ElbowsUpRising · 24/03/2025 19:12

Oh god don’t start me off on this. So she finished her UG 18 months ago and in December 2023 started working for an architect firm on minimum wage. I suspect she’s saved nothing. She lived at home with no bills and refused to pay board. The company folded and she lost her job early Jan this year so she’s now unemployed. She immediately decided she wasn’t looking for anything else job wise as she’d be leaving in Sept and didn’t want to mess anyone around which was very magnanimous of her. She was also apparently burnt out after working for a year. Shes spending the next few months travelling. She’s off to Europe at the weekend for a month, hosteling so will be cheap apparently. Then off to Canada for two months in the summer. She’s thinking of going to Vietnam or South Korea inbetween.

Whaaaaat?! I'm sorry OP but she sounds incredibly entitled.

ElbowsUpRising · 24/03/2025 19:26

MiddleAgedDread · 24/03/2025 19:24

Sounds like a good time to learn a lesson in life that you can’t have what you can’t afford! Has she not done any paid work during her undergrad degree if she was living at home? If not, I’d suggest she spends her summer wisely or she’s not going to have much to put on her cv when applying for graduate jobs.

She did work part time doing bar work until the start of year 3. She got very acutely ill with blood clots and had to stop work.

OP posts:
lucya66 · 24/03/2025 19:26

pay what you can afford is my advice.

also she might need some help with safety at university. Rapes mostly happen from known people after alcohol consumption, rather than strangers. If she’s worried about being raped you can help her with how to protect herself - such as for example not drinking too much so that she cant ever be taken advantage of by men.
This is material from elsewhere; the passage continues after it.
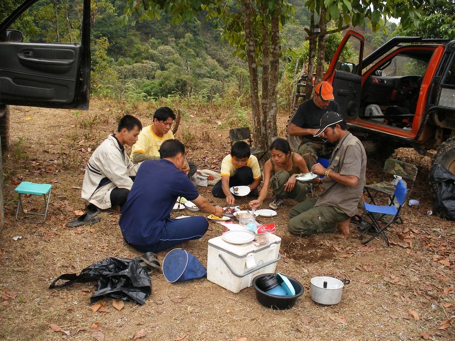 วันสอง รถลุงร็อด เฟืองเกียร์รูดก่อนถึงแม่น้ำขุนสอง ลากรถลุงร็อดมาแค้มป์พักที่ริมน้ำขุนสอง ผมออกไปรับช่างอั่นเอาอะไหล่มาส่งที่ท่าสองยาง รถผมรอยเชื่อมกันเซแตก...

Also set up female friendship groups to walk each other home, ensure each other are safe.

hope she is ok and when she’s used to the city, she feels better.

MumCanIHaveASnackPlease · 24/03/2025 19:27

Interesting how she can galavant off on loads of Holidays and travel no problem but can’t work “because of fibromyalgia”

Also no concerns with getting raped in various parts of the world but terrified of big bad Manchester.

Raindropsandeardrops · 24/03/2025 19:27

In regards to the buses, I can't drive for medical reasons and use the buses all the time including university areas and city centre and have never had any issues.
My child travelled six miles to school on them also for years.

I'm not saying there are never weirdos because there are weirdos everywhere but no more than any where else.

ElbowsUpRising · 24/03/2025 19:28

Oldrunner · 24/03/2025 19:25

Sorry I don't understand- why on earth are you giving her 20 k for holidays and not saving that to fund her masters? She is being a spoilt brat buy you are enabling her behaviour.
Try saying no

The money was in an account in her name which sadly went to her without me realising when she was 18yo. I didn’t realise I lost control of it on her 18th birthday. So she got it, promised me she wouldn’t touch it until she was ready to buy a house.